··· MATERIAL PROVIDED ···
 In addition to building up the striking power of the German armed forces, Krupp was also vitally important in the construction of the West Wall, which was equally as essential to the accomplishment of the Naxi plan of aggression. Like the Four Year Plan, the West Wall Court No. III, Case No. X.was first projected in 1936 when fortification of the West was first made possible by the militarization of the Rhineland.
···
··· MATERIAL PROVIDED ···
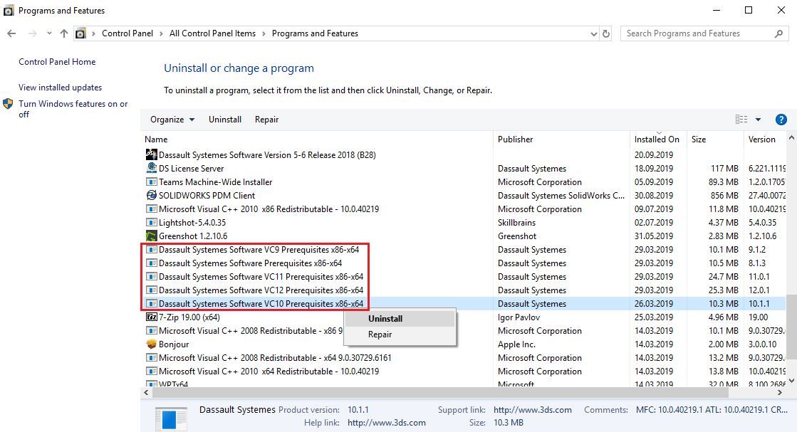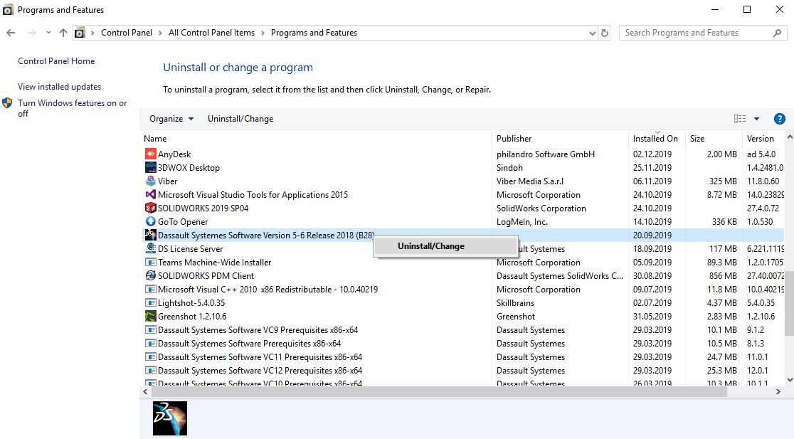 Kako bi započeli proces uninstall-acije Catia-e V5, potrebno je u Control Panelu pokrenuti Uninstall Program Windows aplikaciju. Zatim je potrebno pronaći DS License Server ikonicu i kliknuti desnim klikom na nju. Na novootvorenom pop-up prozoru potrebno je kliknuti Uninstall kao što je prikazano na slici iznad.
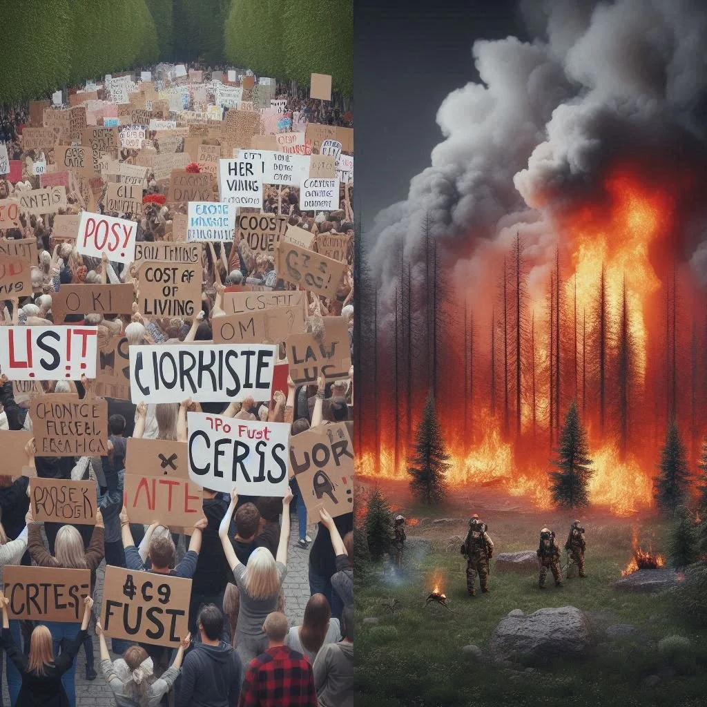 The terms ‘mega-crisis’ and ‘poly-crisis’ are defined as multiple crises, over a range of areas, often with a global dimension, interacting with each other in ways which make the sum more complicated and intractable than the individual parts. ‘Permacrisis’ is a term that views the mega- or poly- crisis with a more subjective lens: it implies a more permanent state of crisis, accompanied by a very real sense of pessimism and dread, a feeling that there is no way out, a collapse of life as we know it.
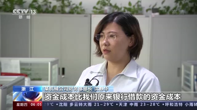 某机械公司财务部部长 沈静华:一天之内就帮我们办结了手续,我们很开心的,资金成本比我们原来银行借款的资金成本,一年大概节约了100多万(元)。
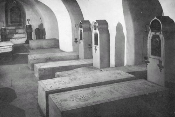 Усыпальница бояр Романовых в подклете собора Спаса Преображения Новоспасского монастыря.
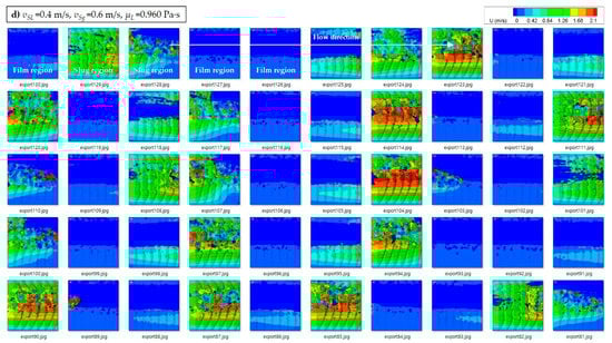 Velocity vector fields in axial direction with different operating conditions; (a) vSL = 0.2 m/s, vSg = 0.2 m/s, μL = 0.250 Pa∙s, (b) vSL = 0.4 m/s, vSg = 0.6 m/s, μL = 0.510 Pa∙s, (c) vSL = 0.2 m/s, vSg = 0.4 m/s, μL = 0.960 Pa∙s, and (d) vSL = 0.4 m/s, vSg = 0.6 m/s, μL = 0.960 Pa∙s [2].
···
ACTIVITY:
Write back the stretch of lines above that begins with the line holding "The terms ‘mega-crisis’" and ends with the line holding "Velocity vector fields", both included, exactly as written. Pictures stay out.

WRITTEN REPLY:
 The terms ‘mega-crisis’ and ‘poly-crisis’ are defined as multiple crises, over a range of areas, often with a global dimension, interacting with each other in ways which make the sum more complicated and intractable than the individual parts. ‘Permacrisis’ is a term that views the mega- or poly- crisis with a more subjective lens: it implies a more permanent state of crisis, accompanied by a very real sense of pessimism and dread, a feeling that there is no way out, a collapse of life as we know it.
 某机械公司财务部部长 沈静华:一天之内就帮我们办结了手续,我们很开心的,资金成本比我们原来银行借款的资金成本,一年大概节约了100多万(元)。
 Усыпальница бояр Романовых в подклете собора Спаса Преображения Новоспасского монастыря.
 Velocity vector fields in axial direction with different operating conditions; (a) vSL = 0.2 m/s, vSg = 0.2 m/s, μL = 0.250 Pa∙s, (b) vSL = 0.4 m/s, vSg = 0.6 m/s, μL = 0.510 Pa∙s, (c) vSL = 0.2 m/s, vSg = 0.4 m/s, μL = 0.960 Pa∙s, and (d) vSL = 0.4 m/s, vSg = 0.6 m/s, μL = 0.960 Pa∙s [2].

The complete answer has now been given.